Affirmed by unpublished per curiam opinion.
Kenneth M. Mathews, Columbia, South Carolina, for Appellant.
Mark C. Moore, Assistant United States Attorney, Columbia, South
Carolina, for Appellee.
Unpublished opinions are not binding precedent in this circuit.
PER CURIAM:
Brent Gardner pled guilty pursuant to a written plea
agreement * to one count of possession with intent to distribute
cocaine, in violation of 21 U.S.C. § 841(a)(1), (b)(1)(C)
(2006), and was sentenced to 235 months in prison. Gardner
timely appealed.
Counsel for Gardner filed a brief in accordance with
Anders v. California, 386 U.S. 738 (1967), certifying that there
are no meritorious grounds for appeal, but questioning whether
the district court properly conducted Gardner’s guilty plea
hearing and denied a reduction in sentence for acceptance of
responsibility. Gardner filed a pro se brief raising two
issues. Finding no reversible error, we affirm.
In the absence of a motion to withdraw a guilty plea
in the district court, we review for plain error the adequacy of
the guilty plea proceeding under Fed. R. Crim. P. 11. United
States v. Martinez, 277 F.3d 517, 525 (4th Cir. 2002). Our
examination of the record shows that the district court fully
complied with the requirements of Rule 11. Gardner’s plea was
*
Gardner’s plea agreement contained a waiver of appellate
rights. However, because the Government does not invoke the
waiver, we decline to enforce it. See United States v.

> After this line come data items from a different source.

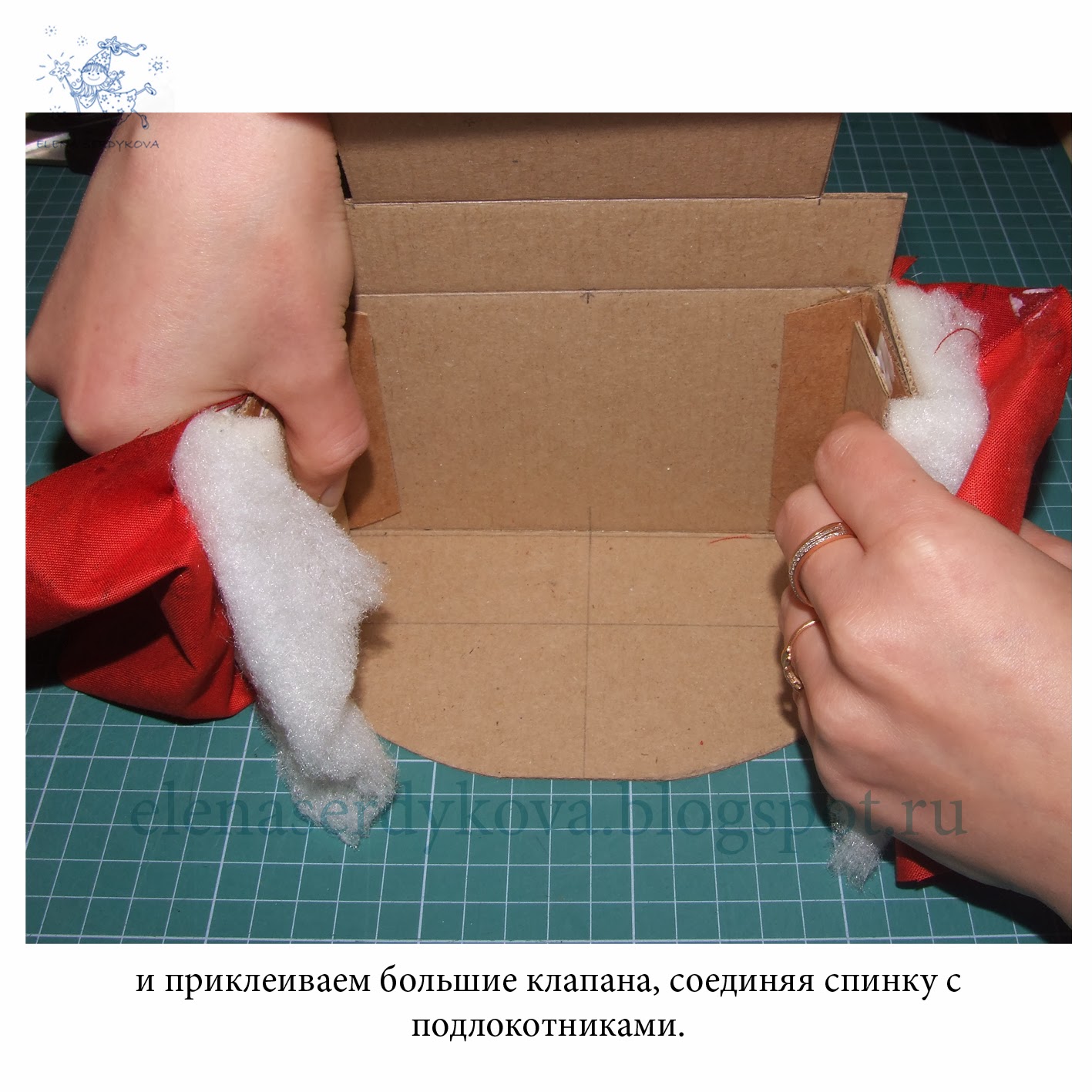 - Из небольших коробок можно сделать стулья, а затем покрыть небольшим количеством ватина и ткани.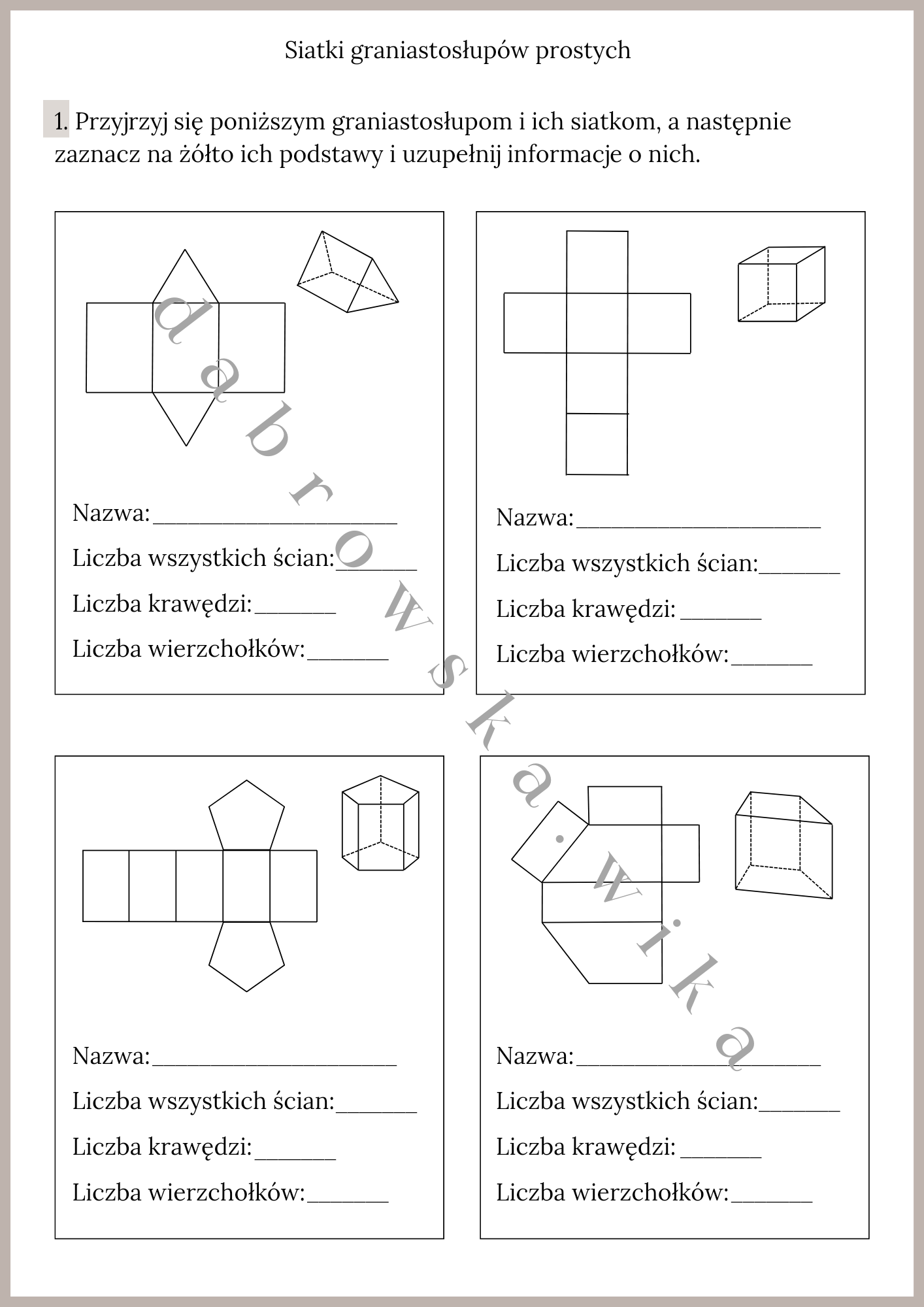 Na ucznia czekają dwa zadania. W zadaniu pierwszym znajduje się 6 przykładów graniastosłupów prostych i ich siatek. Należy zaznaczyć na żółto ich podstawy oraz uzupełnić informacje poniżej.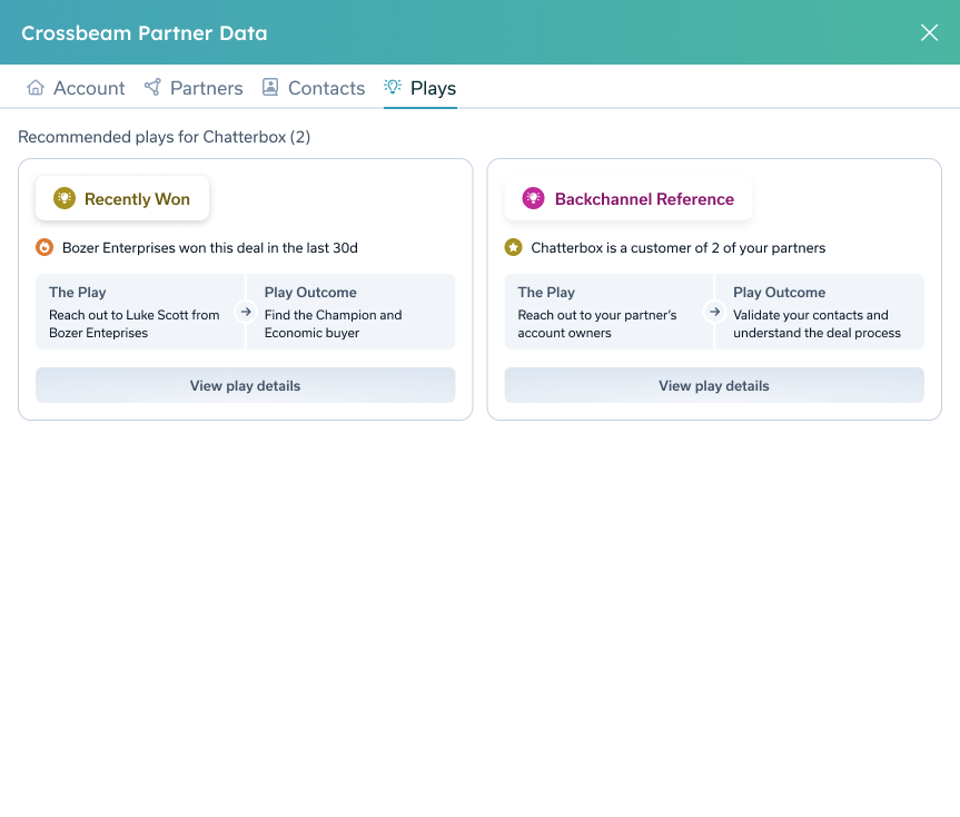 - Plays: Make every move count. Get actionable plays curated with the next best steps you can take to ensure your opportunities are marked as closed/won.
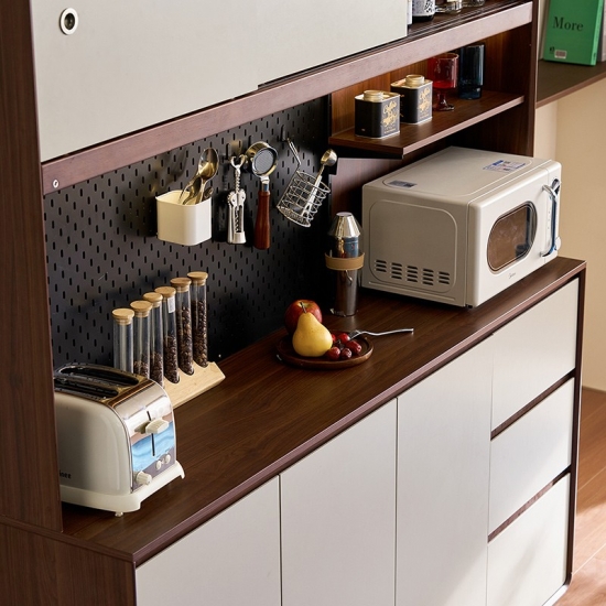 พื้นที่จัดเก็บข้อมูลกว้างขวาง – มีพื้นที่กว้างขวางสำหรับจัดเก็บเครื่องใช้บนโต๊ะอาหาร ผ้าปูโต๊ะ และอื่นๆ ช่วยให้บริเวณรับประทานอาหารของคุณเป็นระเบียบเรียบร้อย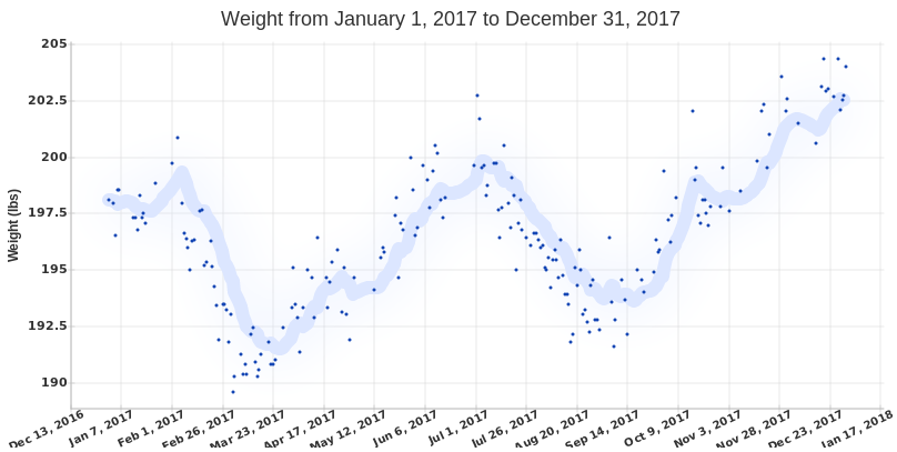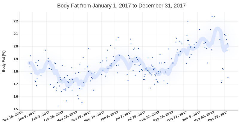 So 2017 wasn’t the most dialed in year I’ve ever had. It was honestly quite average, again by American standards. Yet we see where that trend ends, right? “Just” picking up a few pounds a year moving forward will lead me to an equilibrium weight somewhere in the 220-230 pound range, and probably a good helping of hypertension, pre-diabetes, and coronary artery disease to go along with it. Those lead to other chronic conditions which lead to reduced longevity and exponentially growing health problems later in life. Just like this point last year I have all the instrumentation in place to measure these things. Just like last year I obviously don’t have a problem actually taking my measurements in these areas. Where I’m falling down is in the execution of using these metrics as a mechanism for keeping things dialed in.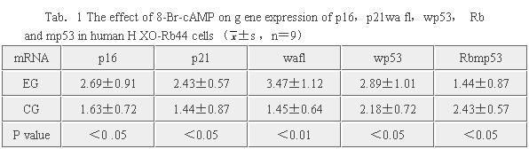 Antioncogene Rb plays a re gulatory role through phosphorylation an d dephosphorylation of cdks.The phosphor y lated PRb losses the inhibitory effect o n G1 phase,while the dephosphorylatedd PRb possesses the inhibitory function.Th e P16INK4 or P21wafl can combine w ith cdks,such as cdk2,cdk4 in competit ion with cyclins,hence cdks cannot be ac tivated by cyclins and Rb cannot be phos phorylated.The cell cycle check point is blocked by phosphorylated PRb[8].The carcinogenesis of human retinoblastoma may be caused by defect of Rb gene.In th e present experiment the 8-Br-cAMP could up-regulate the expression of Rb mRNA a nd PRb-IR.It suggests that 8-Br-cAMP may inhibit HXO-Rb44 cell growth through th e activation of Rb antioncogene.
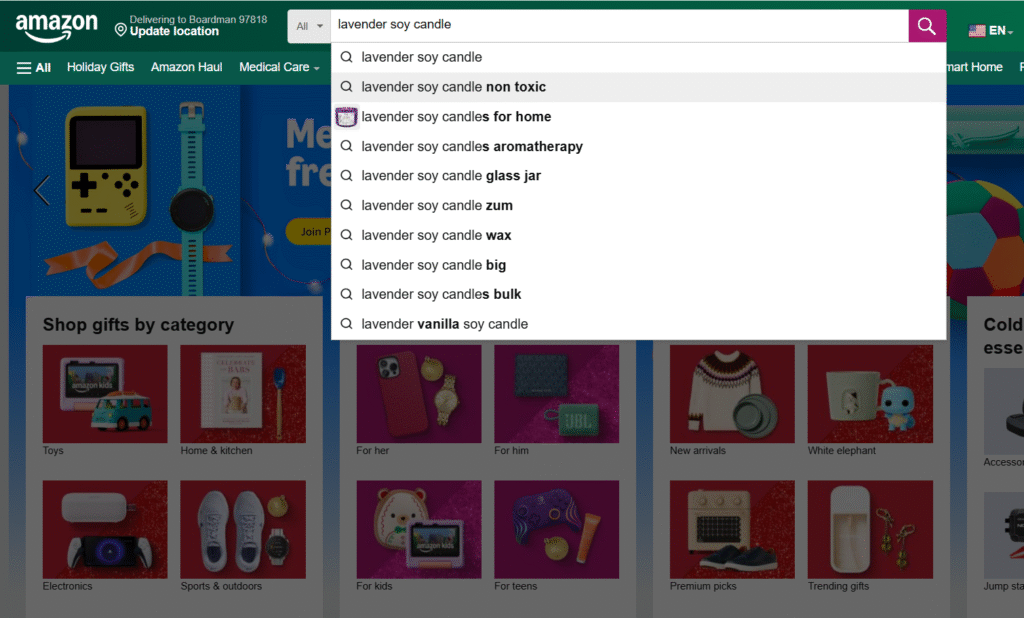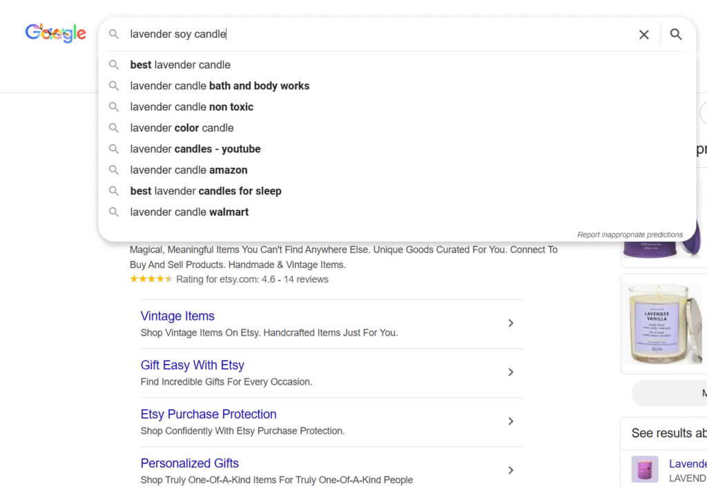 For The Cozy Corner, I typed “lavender soy candle” into both search bars and instantly got ideas like “best lavender candle,” “lavender candle bath and body works,” and “lavender candle nontoxic.”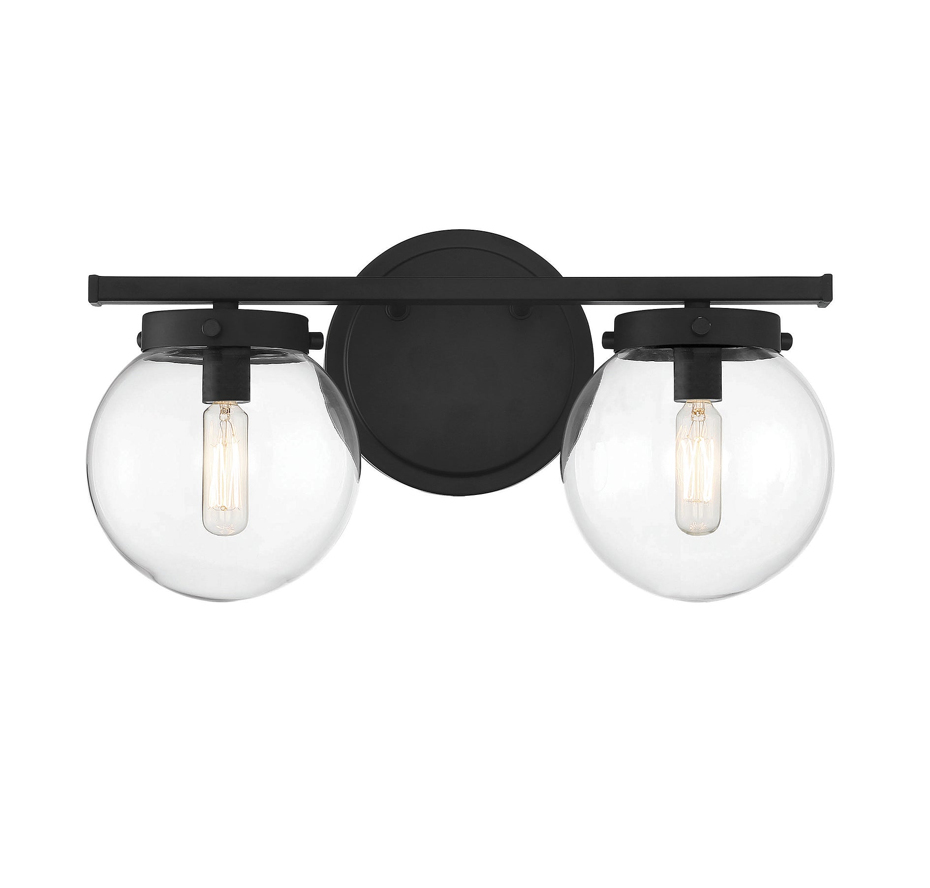 Add a bubbly look to your bath with this Meridian 2-light bath bar! Its streamlined design features globes of clear glass, a shape that is echoed in the circular backplate. This light will really pop in bathrooms with contemporary, modern and midcentury modern styles. Finished in matte black, it is also damp area rated. This bath light is 8" in height and 16" in width. It extends 7.25" from the wall and can be mounted with the shades facing up or down. It uses 2 candelabra size bulbs of up to 60 watts each, is dimmable and is LED compatible.

Poindexter, 492 F.3d 263, 271 (4th Cir. 2007) (where Anders
brief is filed, “the government is free to file a responsive
brief raising the waiver issue (if applicable) or do nothing,
allowing this court to perform the required Anders review”).
2
knowingly, voluntarily and intelligently entered, and supported
by a factual basis. We therefore find no error, let alone plain
error.
Gardner next contends the district court erred when it
refused to deduct three levels from his guidelines calculation
for acceptance of responsibility under U.S. Sentencing
Guidelines Manual § 3E1.1 (2007). As a condition of his plea
agreement, Gardner agreed to provide full, complete, and
truthful information about all unlawful activities. However,
Gardner failed to give the Government truthful information and
failed a polygraph test concerning relevant conduct. In view of
Gardner’s untruthfulness, the district court did not err when it
refused to reduce his offense level for acceptance of
responsibility. See USSG § 3E1.1 cmt. 1(a) (“In determining
whether a defendant qualifies [for the reduction], appropriate
considerations include . . . truthfully admitting or not falsely
denying any . . . relevant conduct . . . .”).
Finally, we have reviewed Gardner’s pro se
supplemental brief and find the issues raised therein to lack
merit. In accordance with Anders, we have reviewed the record
in this case and have found no meritorious issues for appeal.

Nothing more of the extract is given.